**DATA TO PROCESS:**
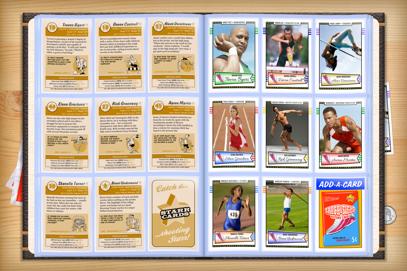 By default, the backsides of cards feature entertaining track & field trivia including a cartoon Q&A section, fast facts, insider capsules, and the best quotes from the history of the sport.
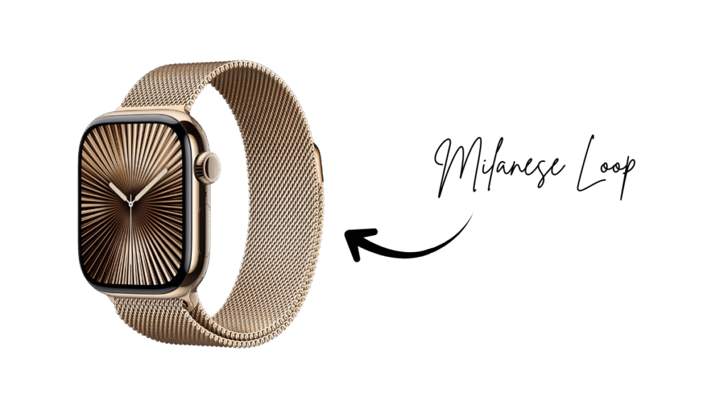 3. Milanese Loop Band: A finely woven stainless steel mesh band that is adjustable via a magnetic closure, offering an elegant, comfortable, and customizable fit.
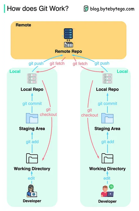 - Staging Area: 커밋을 준비하는 영역. 워킹 디렉토리에서 변경된 파일 중 커밋하고 싶은 내용을 선택해 추가할 수 있다.(커밋 선별 공간)
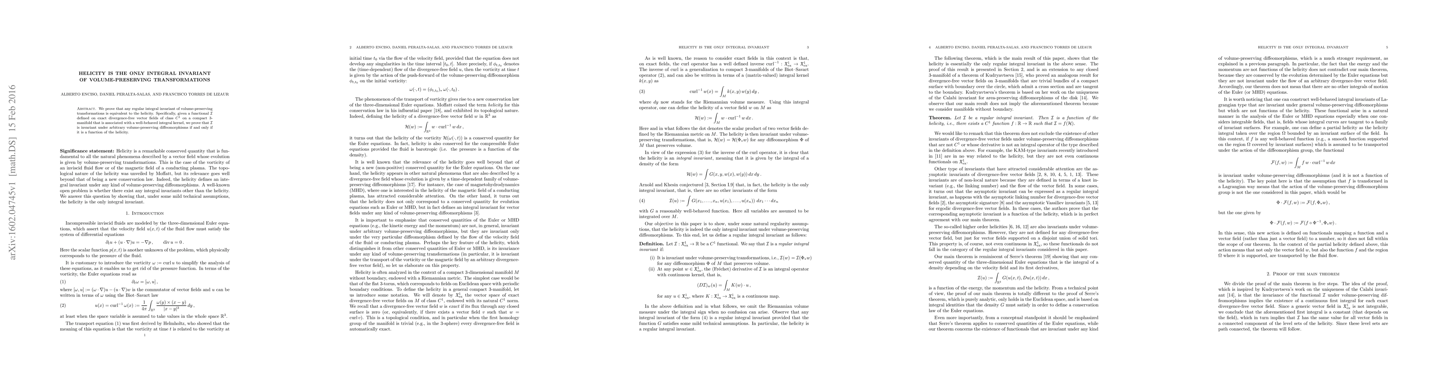This paper proves that any integral invariant of volume-preserving transformations is equivalent to helicity, a fundamental property in vector calculus.
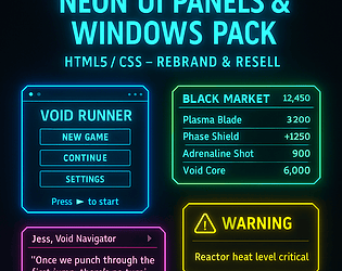 A neon-styled HTML5 / CSS pack of UI panels and windows for menus, HUDs, shops, and popups
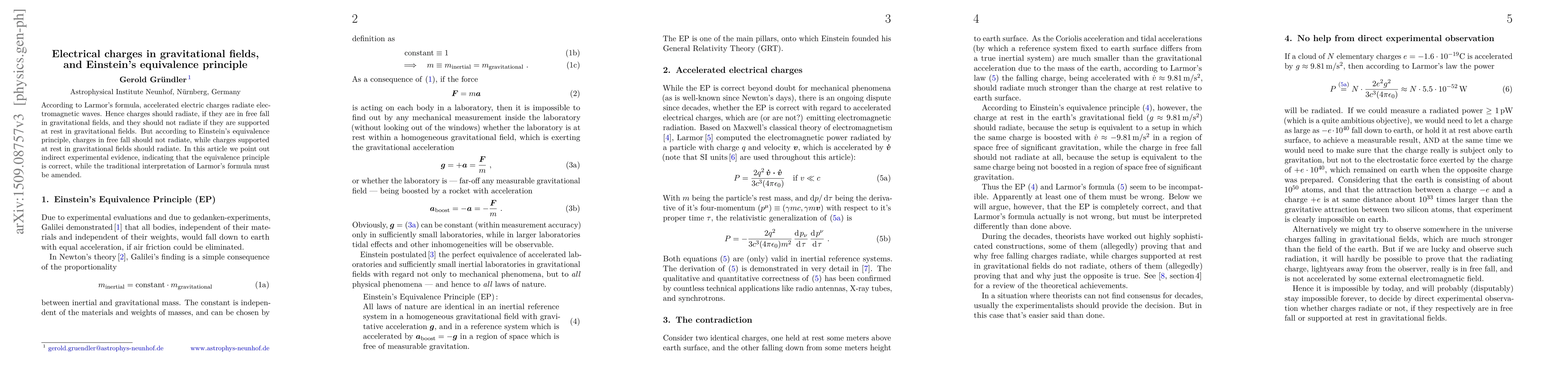This paper explores the discrepancy between electromagnetic radiation from accelerated electric charges and Einstein's equivalence principle, suggesting that indirect experimental evidence supports the equivalence principle over the traditional interpretation of Larmor's formula. The conclusion is that the traditional interpretation of Larmor's formula must be revised.
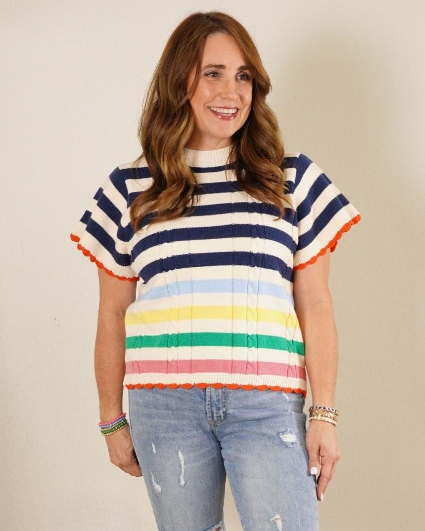 Featuring a navy and white nautical stripe that transitions into a vibrant, sunny rainbow palette, this top is finished with a charming orange crochet scalloped trim on the sleeves and hem. The subtle cable knit detailing adds a touch of high-end texture, making the Carter an easy favorite for those who love a "modern classic" look with a trendy twist.
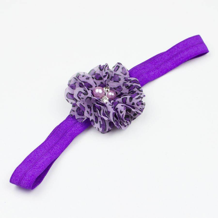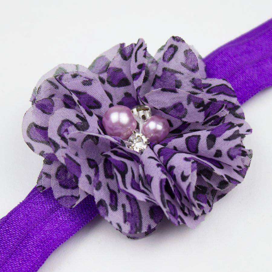 - Opvallend haarbandje met een bloem met luipaardvlekken in lila, paars en antraciet. De bloem bestaat uit meerdere lagen. In het hart van de bloem zitten twee lila pareltjes en twee strass steentjes. Het haarbandje is paars.
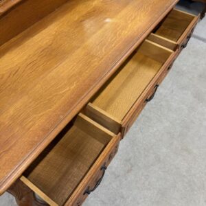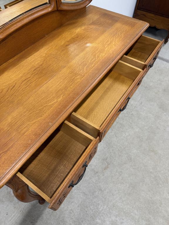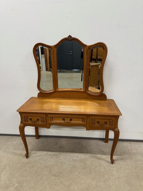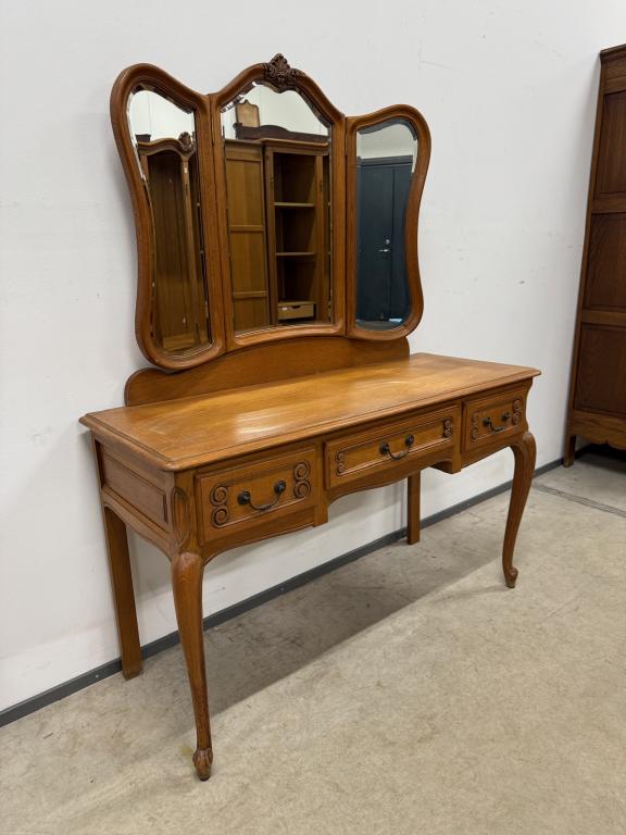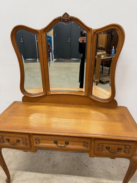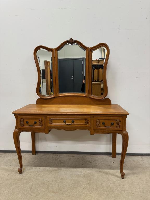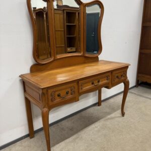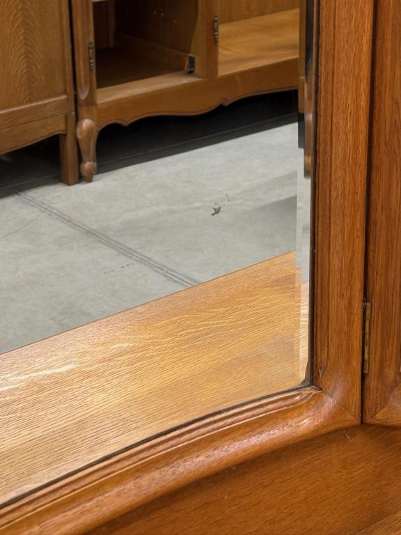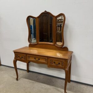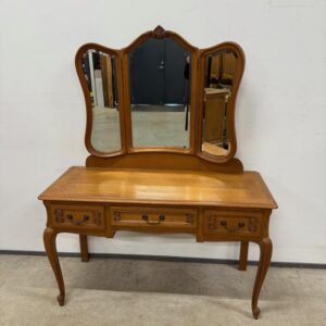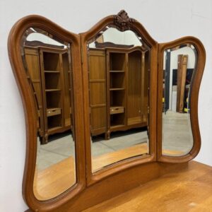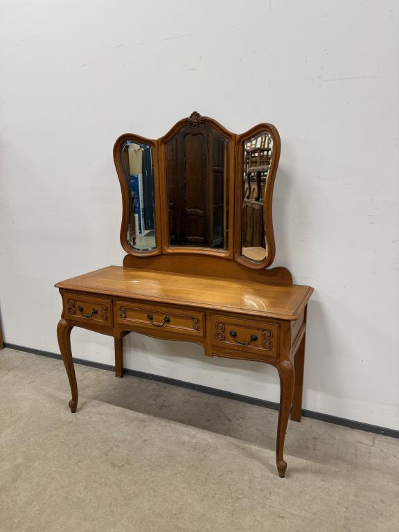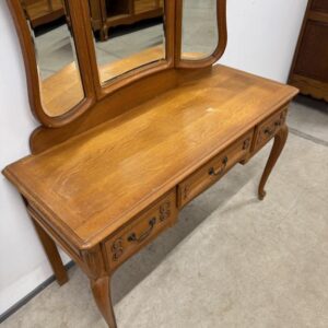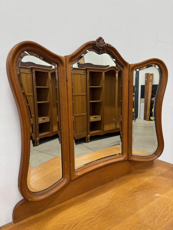 Tammest raamiga soliidne peeglilaud. Laua kõrgus 76 cm, peegel 85 cm. Leidub väiksemaid kulumis- ja kasutusjälgi, kuid üldmulje korralik. Peeglil väike tume laik – vt pilt. Transport vajadusel kahes osas.
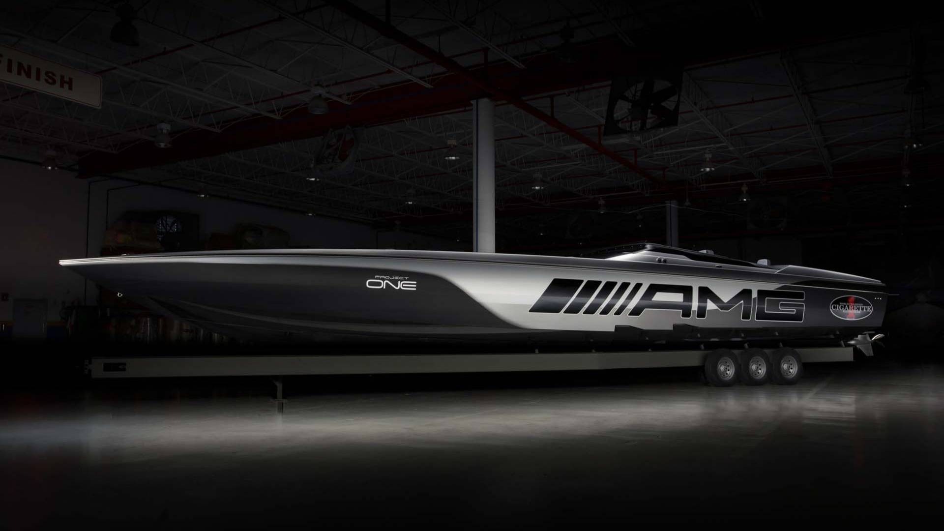 515 Project One nima s superšportnim Mercedesom nič skupnega, razen imena AMG. Niti AMG-jev motor ga ne poganja. Za pogon skrbita 8-valjna motorja Mercury Racing, vsak s po 1.350 konjskimi močmi. Če boste v tank za gorivo natočili mešanico visokooktanskega bencina, se bo moč vsakega dvignila na ogromnih 1.550 konjskih moči. Skupna moč Cigarette je tako 3.100 konjskih moči, česar se ne bi sramoval prav noben gliser. A se pri 515 Project One vse skupaj le ne vrti samo okoli motorjev. Gliser je v celoti narejen iz fibra de carbono e kevlarja, kar pripomore k izredno majhni teži kljub njegovi dolžini. Ima dovolj prostora za 6 potnikov, pri Cigarette Racing pa pravijo, da je to njihov najnaprednejši gliser, ki so ga kadarkoli naredili.

**WHAT YOU ARE ASKED TO DO:** What is needed is a verbatim copy of the lines from the line with "- Opvallend haarbandje" through the last line of the listing, pictures excluded.

**EXERCISE SOLUTION:**
 - Opvallend haarbandje met een bloem met luipaardvlekken in lila, paars en antraciet. De bloem bestaat uit meerdere lagen. In het hart van de bloem zitten twee lila pareltjes en twee strass steentjes. Het haarbandje is paars.
 Tammest raamiga soliidne peeglilaud. Laua kõrgus 76 cm, peegel 85 cm. Leidub väiksemaid kulumis- ja kasutusjälgi, kuid üldmulje korralik. Peeglil väike tume laik – vt pilt. Transport vajadusel kahes osas.
 515 Project One nima s superšportnim Mercedesom nič skupnega, razen imena AMG. Niti AMG-jev motor ga ne poganja. Za pogon skrbita 8-valjna motorja Mercury Racing, vsak s po 1.350 konjskimi močmi. Če boste v tank za gorivo natočili mešanico visokooktanskega bencina, se bo moč vsakega dvignila na ogromnih 1.550 konjskih moči. Skupna moč Cigarette je tako 3.100 konjskih moči, česar se ne bi sramoval prav noben gliser. A se pri 515 Project One vse skupaj le ne vrti samo okoli motorjev. Gliser je v celoti narejen iz fibra de carbono e kevlarja, kar pripomore k izredno majhni teži kljub njegovi dolžini. Ima dovolj prostora za 6 potnikov, pri Cigarette Racing pa pravijo, da je to njihov najnaprednejši gliser, ki so ga kadarkoli naredili.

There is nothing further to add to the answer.